Eu Migrant crisis
Migrants make their way to board a train leaving for the Austrian border at the Keleti railway in Budapest, Hungary Jeff J Mitchell/Getty

A record number of asylum seekers have entered Hungary as European Union interior ministers meet in Brussels to discuss the massive influx of people that is shaking the 28-nation bloc. More than 5,600 refugees crossed from Serbia on 13 August, the highest number of arrivals in a single day recorded by Hungarian police since the beginning of the crisis.

The increase was partially fuelled by a crackdown on illegal immigration announced by prime minister Viktor Orbán. Many scrabbled to get into the country before a new law saying that those found illegally crossing into Hungary can face jail terms comes into force, later this week.

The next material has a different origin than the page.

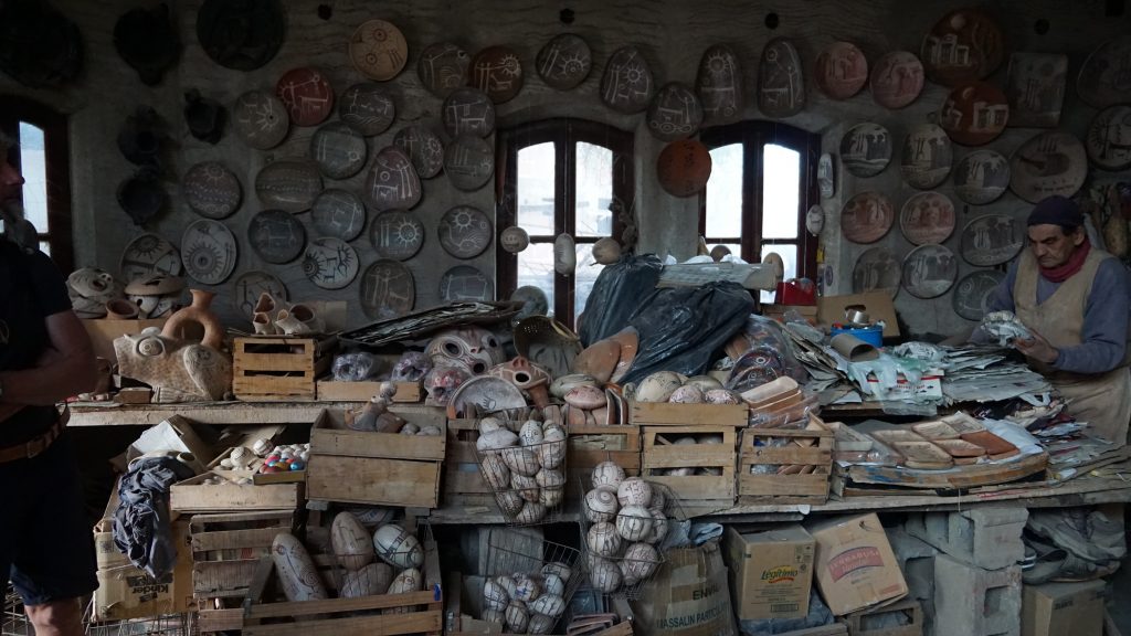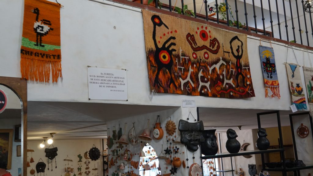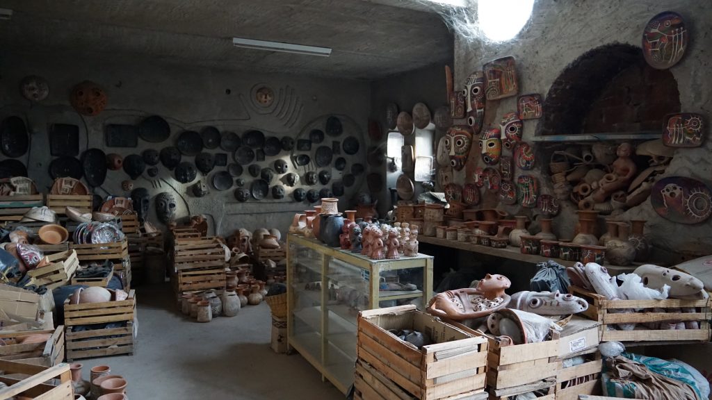 Natürlich gibt es hier ebenfalls Artesanales, die Theres magisch anziehen. Es war zu spät, wir konnten nicht mehr umkehren. Bevor man sich das Kunsthandwerk anschaut, muss man durch ein archäologisches Museum.

Most are headed to northern Europe and particularly Germany, where vice chancellor Sigmar Gabriel said the country is expecting up to one million migrants and refugees to arrive this year, raising a previous estimate of 800,000.

Austria, which has also seen thousands passing through its territory, said it could deploy the military at its own border with Hungary to control the flow. Chancellor Werner Faymann said the government approved a request for about 2,200 servicemen to assist police. The development came as more than 16,000 migrants streamed into eastern Austria on 13 and 14 September.

Earlier at the weekend, it was Berlin that temporarily reintroduced border controls with Austria after more than 6,000 people crossed into the country. "The aim of this measure is to limit the current influx to Germany and to return to orderly entry procedures," interior minister Thomas de Maiziere said.

"The great readiness to help that Germany has shown in recent weeks ... must not be overstretched," he added. The move was charged with causing traffic jams at crossings, while train services between the two neighbours resumed after a weekend suspension.

"We hope that we will need the border controls only for a short time and that our partners will make clear that they are prepared to share in Europe's responsibility," added Gabriel.


Border closures have far-reaching implications within the EU as they undermine free movement principles enshrined in the Schengen Agreement, which has become the object of debate since the beginning of the crisis, with some governments arguing it should be suspended.

In Greece, the coastguard said it was still searching for possible survivors of a shipwreck that claimed the lives of at least 34 refugees, including 15 children. Rescuers pulled 68 people alive from the sea, while 30 more managed to swim to the shores of the island of Farmakonisi, where the wooden boat that left from Turkey was heading when it sunk.

Greek authorities said 1,429 people were safely brought to Greek shores after being rescued at sea in 58 separate incidents from over the past three days.

No fresh arrivals or incoming ship sightings were recorded in Italy over the past two days, the Italian coastguard said. Reasons for the slowdown were not immediately clear, although bad weather conditions were likely to have played a role. "The sea is rough," a coastguard spokesperson said. "But it's still unusual."

Meanwhile, in Brussels EU interior ministers were due to hold an emergency meeting on the migrant crisis. On the table are plans to redistribute 160,000 asylum seekers from Italy, Greece and Hungary to other member states and possible measures to better secure the union's outer borders and fight human smugglers. Diplomatic sources told AFP governments were ready to give the green light to military action against traffickers in the Mediterranean, particualry targeting groups operating freely amid lawlessness in Libya.

More than 430,000 migrants have reached Europe by sea so far in 2015 according to the International Organisation for Migration (IOM). Most (about 310,000) have arrived in Greece, while Italy has been the second port of entry, receiving some 121,000 people since January. More than 2,600 have died on the way.